- Developers: Softstar Technology (Shanghai) Co., Ltd.
- Publishers: Softstar Entertainment Inc. Unistar
- Series: The Legend of Sword and Fairy series
- Platform: Microsoft Windows
- Release: 31 July 2003 (Taiwan) 4 August 2003 (Mainland China)
- Genre: Role-playing
- Mode: Single player

= Chinese Paladin 3 =

2003 video game

The Legend of Sword and Fairy 3 (仙劍奇俠傳三 (仙剑奇侠传三, Xiānjiàn Qíxiá Zhuàn Sān)), also known as Sword and Fairy 3 (仙劍三) or Chinese Paladin 3, is a shenmo/xianxia-themed fantasy adventure role-playing computer game developed by Taiwanese game company Softstar Entertainment.

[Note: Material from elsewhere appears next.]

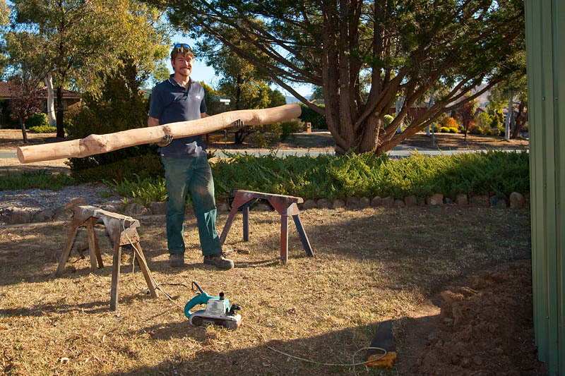 I found a magnificent pine log, well seasoned with the bark just falling off it. It is my intention to cut it four ways down the length, to cut a post out of the middle of it. The post will be kept aside while the rounded slices will sandwich around the centre pier downstairs, making the pier look like a big tree-trunk. This will then be sanded and rubbed with raw linseed oil, as will the stairs and handrails.
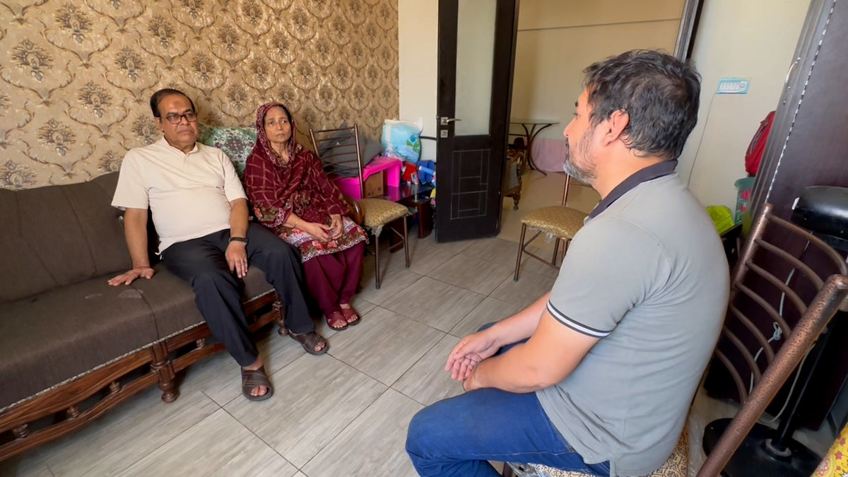 The photo taken on April 26, 2024, shows Syed Turrab Hussain Zahedy's parents during an interview with Arab News in Karachi, Pakistan. (AN Photo)

It is the third installment in The Legend of Sword and Fairy video game series and the first to be developed by Softstar's Shanghai subsidiary, and serves as a prequel to the original The Legend of Sword and Fairy, set around 50 years before the plot of the first game.

== Gameplay ==
Characters' stats are measured in jing (精), qi (氣) and shen (神). Jing are health points; Qi is the energy required to perform special moves; Shen are magic points. The concept of the five elements (Fire, Water, Lightning, Wind and Earth), which works in a way similar to the Wu Xing in Chinese philosophy, is also applied in the game. Each of the five protagonists have a special attribute based on one of the elements and can use special powers (xianshu) of their respective elements.

== Plot ==
Fei Peng, a divine general from Heaven, fights with Chong Lou, the Lord of Demons. Neither of them is able to defeat his opponent and they gradually become less willing to destroy each other out of mutual admiration. Chong Lou challenges Fei Peng to another battle to determine the final victor between the two of them. Fei Peng hesitates, because he will break Heaven's laws if he agrees, but eventually succumbs to temptation. The battle between Fei Peng and Chong Lou lasts several days and draws the attention of the Heavenly Emperor, who sends his troops to arrest Fei Peng. Fei Peng is distracted and loses to Chong Lou. His sword is knocked away by Chong Lou and falls into the human world below. Fei Peng is punished for breaking celestial rules by banishment from Heaven into the human realm.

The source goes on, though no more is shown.